Mais auparavant, et après avoir obtenu toi-même le DESS à la suite de tes études d'histoire et d'une première expérience professionnelle, tu avais travaillé au centre de documentation de Sciences Po, lieu d'innovations passionnantes mis en place par Jean Meyriat. Analyse d'articles scientifiques et choix et indexation d'articles de presse ont constitué ton riche quotidien intellectuel pendant dix ans, de 1973 à 1983. Francine, Sylvie et Marie sauraient en parler mieux que moi ! Pendant les 42 ans où Nicole Richard a dirigé le centre de doc, 42 enfants sont nés, comme elle aimait à le rappeler, et vous en faites partie, Julien, Amélie et Pauline !
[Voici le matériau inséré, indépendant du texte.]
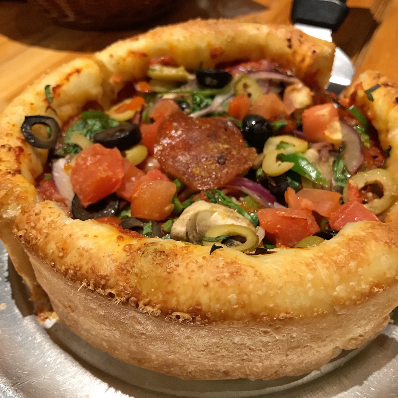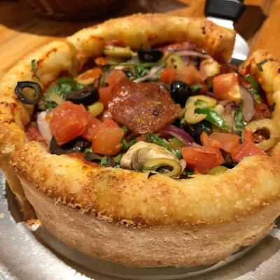 お目当てのシカゴピザは食べ応え抜群、具材たっぷりジューシーでとても美味しかったです。- 旅行時期
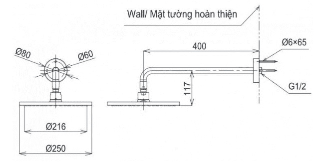 Thông số Bát Sen Gắn Tường TOTO TBW07002A Tròn 250mm
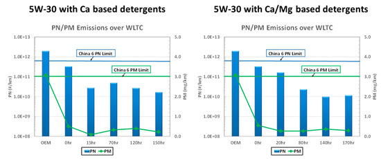 Although additives are utilized to enable the lubricant to meet performance requirements, some chemistry may directly or indirectly impact the emission level or the functionality of the emission control system. For example, zinc dialkyl dithiophosphate, known as ZDDP, has been used by the industry for over eighty years and is still the most cost-effective anti-wear agent and antioxidant. Meanwhile, the negative impact of phosphorous from ZDDP on the emission control catalyst has been studied and reported [41,42]. The controlled level of ZDDP can mitigate the known effect in the lubricant package. It was substantiated that a reasonable level of ZDDP will not harm the catalyst significantly, leading to the failure of emission performance compliance [43,44]. The primary role of detergents is to keep engines clean. Typical compounds are in the form of sulfonate, phenate, or salicylate. The most common metals are calcium and magnesium. These detergents can provide an efficient way to add basicity to the lubricant to neutralize combustion acids. During combustion, calcium and magnesium can form various compounds with phosphorous and sulfur, which are known to be harmful to emission control catalysts. The formation of specific compounds is known to provide a scavenging effect that can mitigate the negative impact of phosphorous and sulfur. The phosphorous level was set and controlled in industry specification ILSAC GF-3 onwards to 0.08% and successfully mitigated the earlier risks. In addition, Ca is known to be an oxidation catalyst, and its presence tends to assist oxidation of particulate in the exhaust [45]. In this paper, the research work demonstrated: (1) the compatibility between lubricant formulation and emission control system (Section 4.2), (2) the catalytic effect of lubricant chemistry on emission (Section 4.3).
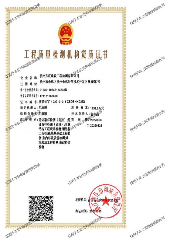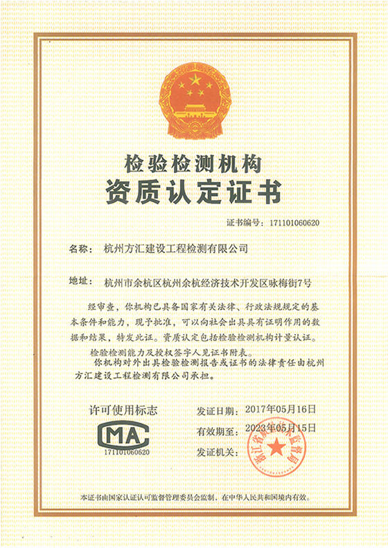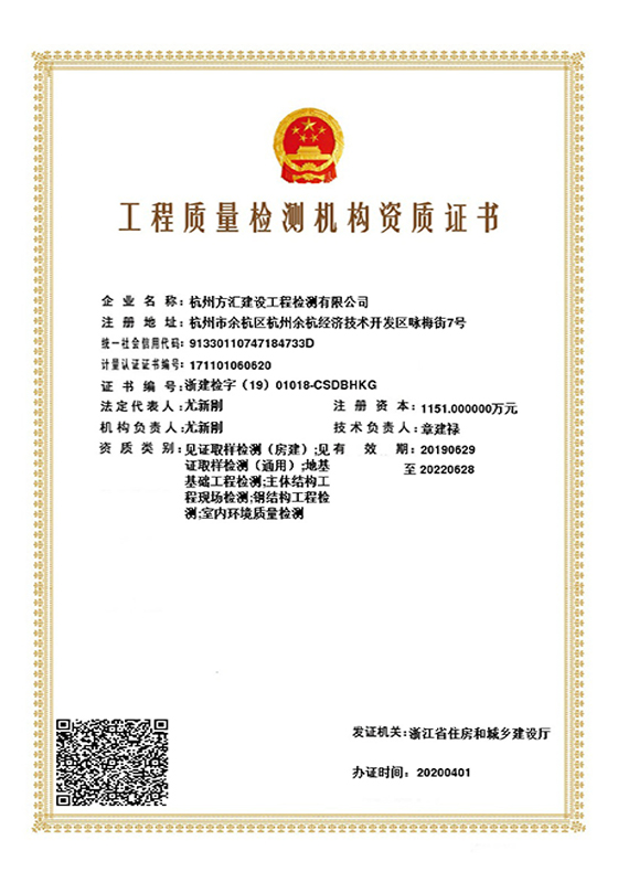 工程質(zhì)量檢測機構(gòu)資質(zhì)證書

Parallèlement, tu t'es engagée, Martine, dans l'aventure associative professionnelle, notamment pour la formation bien sûr, à l'ADBS et à l'association internationale des écoles francophones en sciences de l'information. Tu as contribué au rayonnement de la profession par des articles et des interventions. Tu as participé à de nombreux jurys, à l'INA, au CNRS, à la Documentation française et à celui du CAPES.

Malheureusement, le DESS a été supprimé. Cela a été un crève-cœur pour toi. Les dernières années de ta carrière, de 2007 à 2011, ont été consacrées à la toute jeune Mission archives, aux côtés de Yanick Muguet. Tu as saisi le sujet à bras-le-corps, récupérant et sauvant les archives de l'institution réparties dans tous les lieux possibles et imaginables. Tu as rédigé une dernière note, claire et précise, pour expliquer la situation et transmettre, une dernière fois, comme tu l'avais si souvent fait comme enseignante.

Merci, Martine, pour tout ce que tu nous as transmis et laissé, avec ta vive intelligence, ton franc-parler et ton cœur.